I get a whole new angle on "Dutch Treat". They say “will you have a beer with me?” It’s hard to say no, even if I wanted to. Then his fireman mate does the same, so my couple of beers has become 4. Then the barman does the same so I start planning my departure.

While this is going on, they’ve explained the history of the bar, which has been there since 1875, and looks it. I’m told it’s typical of Dutch bars, both in appearance and history. I ask about the Latin inscription above the window - "Dulce et decorum estin taberna mori". This prompts an animated discussion and Robert produces from under the bar a book which is a little history someone put together many years ago.
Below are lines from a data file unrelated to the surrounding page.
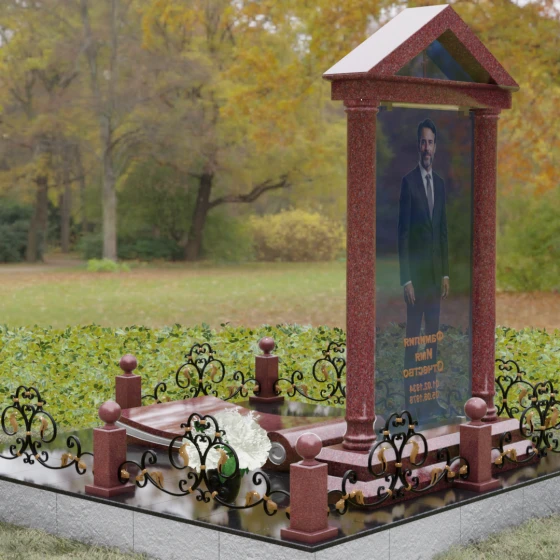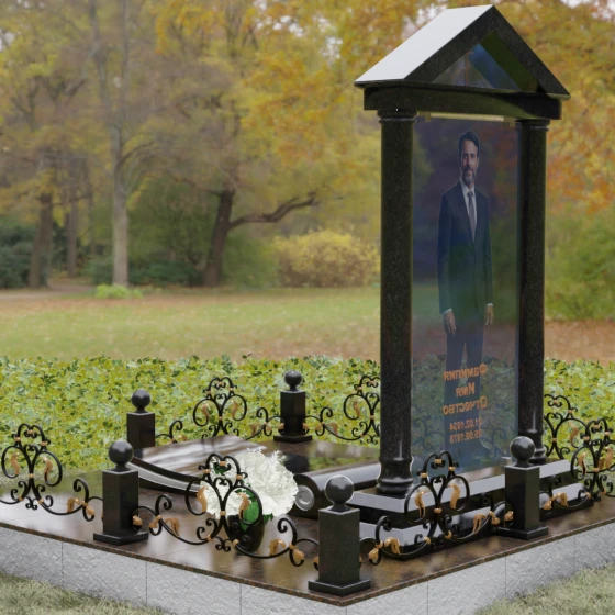 Комплексное благоустройство участка выполнено в едином ансамбле с центральным сооружением. Основание покоится на прочном гранитном цоколе, который надежно фиксирует всю конструкцию. Периметр обозначен низким каменным ограждением с массивными столбиками, каждый из которых увенчан идеально отполированным декоративным шаром. Шары — древний символ бесконечности и завершенности жизненного пути. Вставки из кованого металла в ограждении добавляют композиции легкости и ажурности, не нарушая общей строгости. Вместо открытого грунта используется сплошное мощение или закрытая надгробная плита, что обеспечивает безупречный вид участка на десятилетия и значительно упрощает уход за ним.
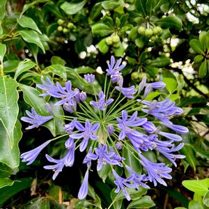 今日のお花💠アガパンサス 別名紫君子蘭、アフリカンリリー ヒガンバナ科、耐寒性やや強い、耐暑性強い、球根か苗(種だと5年で開花) 駐車場のグリーン、トベラでしょうか 中から一輪だけぐーんと顔出しています こんな所にいたんだね💜✨💜✨ 我が家にも出会いありますように💕🤗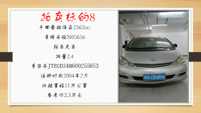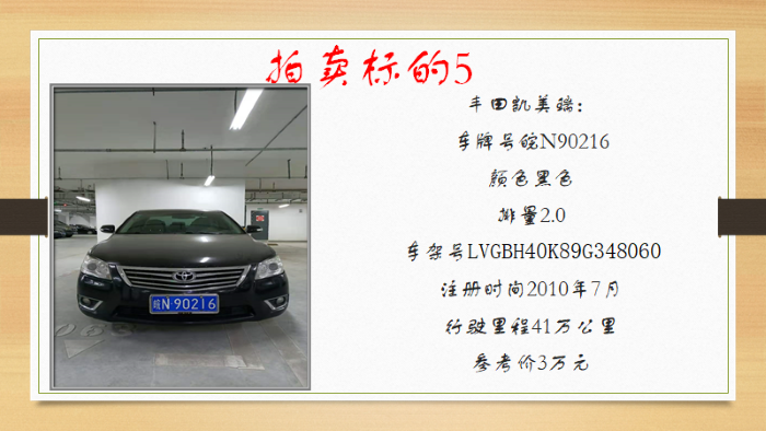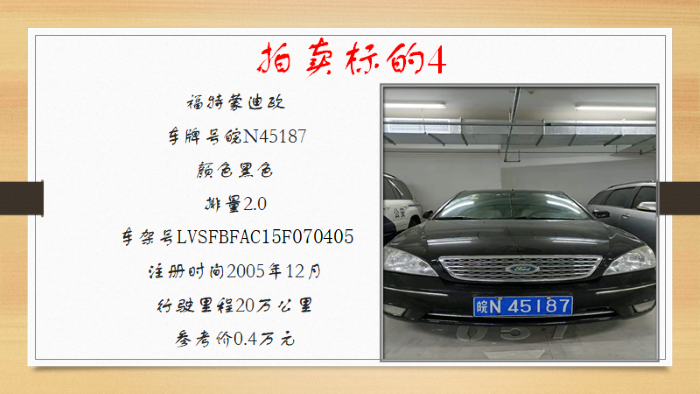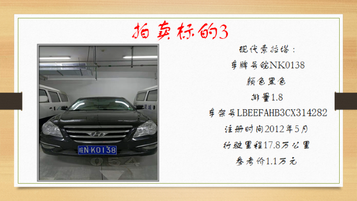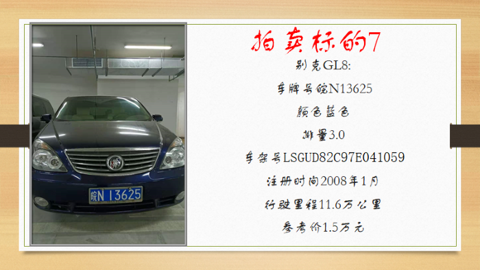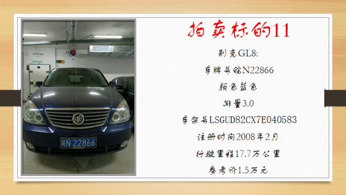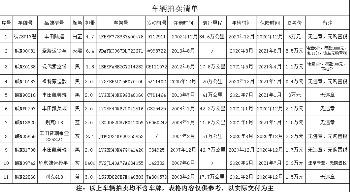 一、拍賣標(biāo)的:二手車11輛(車牌號(hào)為本次拍賣車輛的依據(jù),拍賣不含車輛號(hào)牌,詳見拍賣清單)。車輛以交付時(shí)的實(shí)際情況為準(zhǔn),參考價(jià):0.4萬元-6萬元/輛。

They continue the animated discussion and I scan through the book. There’s a poem written by Wilfred Owen, whom I’ve never heard of, but who was obviously a soldier in the First World War. It’s a moving lament - really moving - around the idea that the notion of noble sacrifice in dying for your country is a cruel fake. The poem is dulce et decorum est - the beginning of the Latin inscription above me.

Thankfully, my generous hosts are ready to go, so I pay my bill and leave. It’s about 7:30 by now and s0 I decide to have room service dinner and get an early night because I leave early in the morning.

Back in my room, Mr Google introduces me to Wilfred Owen. I feel ignorant – he was one of the great poets of the War. The only ones I heard of were Rupert Brooke, and Seigfried Sassoon. I have something here to cogitate upon.